§ Information supplied
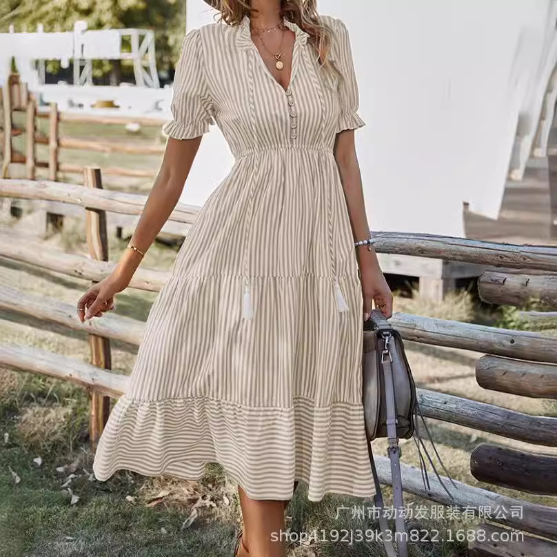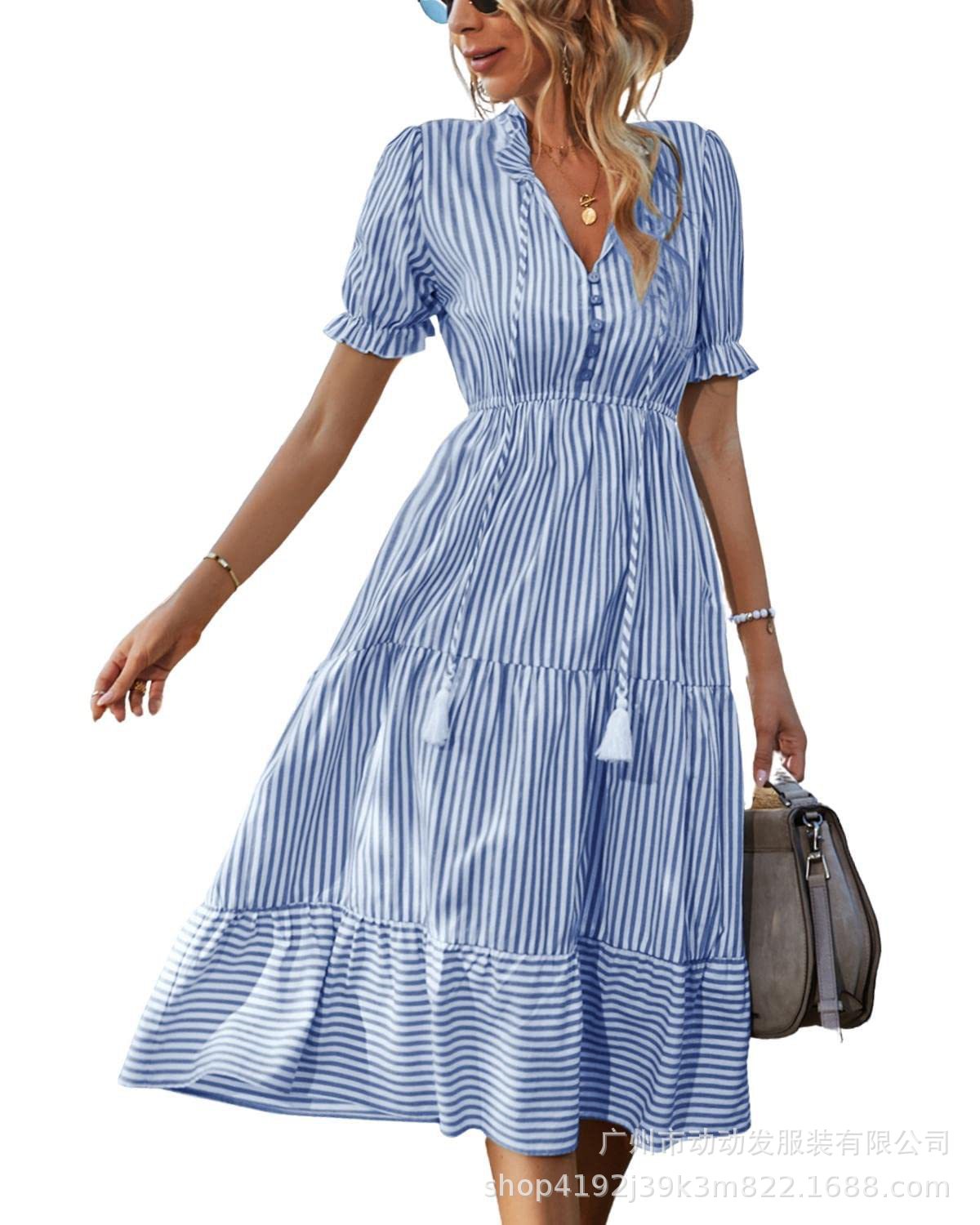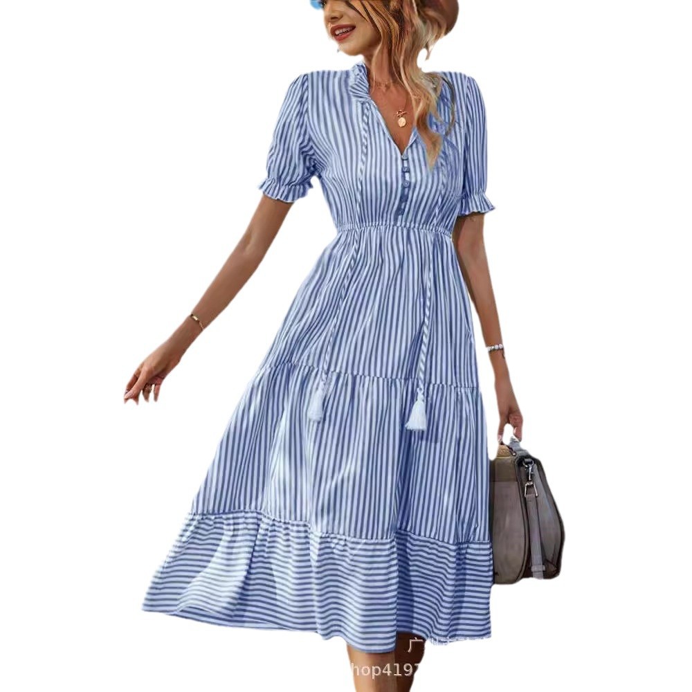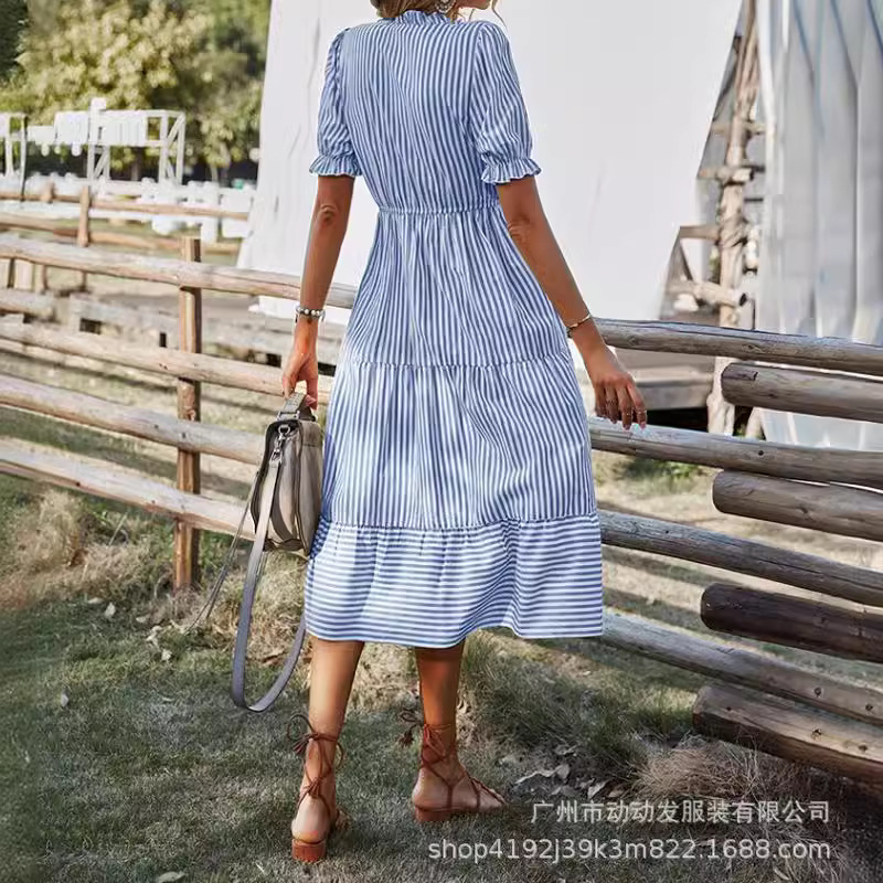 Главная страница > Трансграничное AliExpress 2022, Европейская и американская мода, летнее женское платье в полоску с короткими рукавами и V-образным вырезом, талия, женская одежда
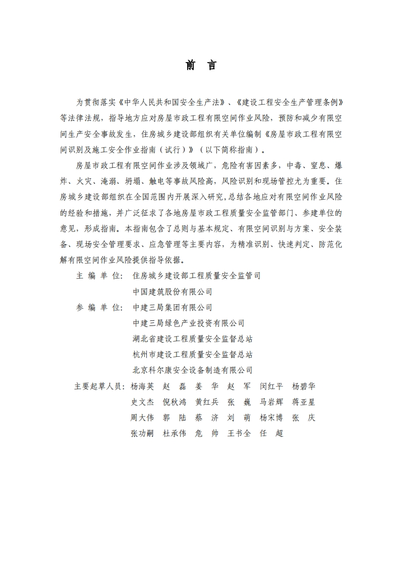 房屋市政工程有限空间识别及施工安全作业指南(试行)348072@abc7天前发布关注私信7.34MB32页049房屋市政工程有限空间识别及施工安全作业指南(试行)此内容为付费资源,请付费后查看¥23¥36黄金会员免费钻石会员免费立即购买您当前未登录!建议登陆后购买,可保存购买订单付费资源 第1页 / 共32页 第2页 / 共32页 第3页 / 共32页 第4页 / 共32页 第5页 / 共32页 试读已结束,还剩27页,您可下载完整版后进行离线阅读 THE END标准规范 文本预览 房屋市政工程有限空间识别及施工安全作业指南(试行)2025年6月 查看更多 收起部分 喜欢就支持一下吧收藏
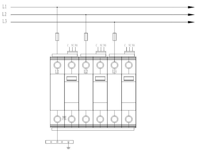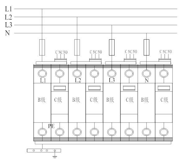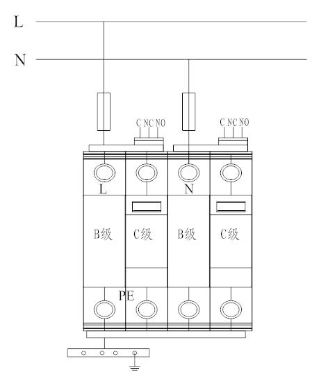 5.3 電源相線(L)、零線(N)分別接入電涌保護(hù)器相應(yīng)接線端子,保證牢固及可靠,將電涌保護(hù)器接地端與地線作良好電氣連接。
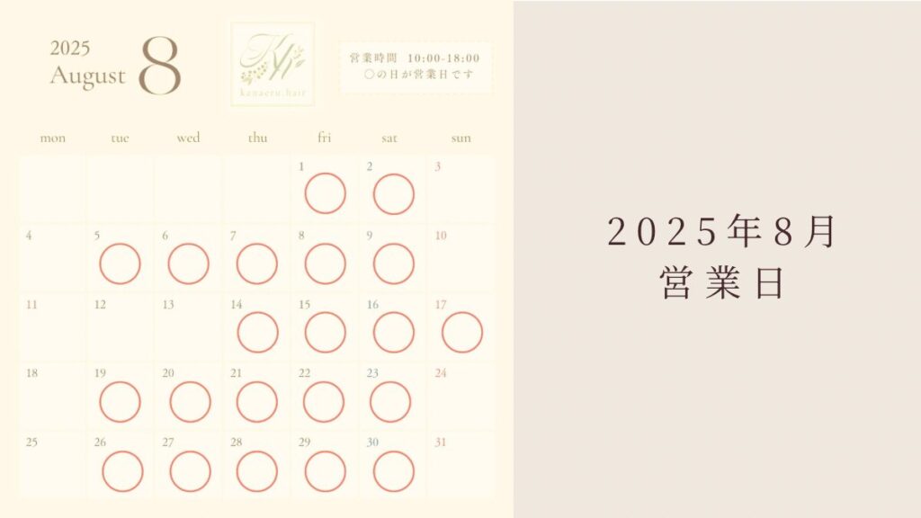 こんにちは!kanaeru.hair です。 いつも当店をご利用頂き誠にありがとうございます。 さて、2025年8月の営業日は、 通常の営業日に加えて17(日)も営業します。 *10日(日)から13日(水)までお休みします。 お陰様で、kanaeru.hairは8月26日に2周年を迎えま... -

§ What needs to be done
Each line from the one holding "查看更多 收起部分 喜欢就支持一下吧收藏" through the final line of the data needs to be transcribed exactly. Include both ends, skip the pictures, and add nothing.

§ Your solution
 房屋市政工程有限空间识别及施工安全作业指南(试行)348072@abc7天前发布关注私信7.34MB32页049房屋市政工程有限空间识别及施工安全作业指南(试行)此内容为付费资源,请付费后查看¥23¥36黄金会员免费钻石会员免费立即购买您当前未登录!建议登陆后购买,可保存购买订单付费资源 第1页 / 共32页 第2页 / 共32页 第3页 / 共32页 第4页 / 共32页 第5页 / 共32页 试读已结束,还剩27页,您可下载完整版后进行离线阅读 THE END标准规范 文本预览 房屋市政工程有限空间识别及施工安全作业指南(试行)2025年6月 查看更多 收起部分 喜欢就支持一下吧收藏
 5.3 電源相線(L)、零線(N)分別接入電涌保護(hù)器相應(yīng)接線端子,保證牢固及可靠,將電涌保護(hù)器接地端與地線作良好電氣連接。
 こんにちは!kanaeru.hair です。 いつも当店をご利用頂き誠にありがとうございます。 さて、2025年8月の営業日は、 通常の営業日に加えて17(日)も営業します。 *10日(日)から13日(水)までお休みします。 お陰様で、kanaeru.hairは8月26日に2周年を迎えま... -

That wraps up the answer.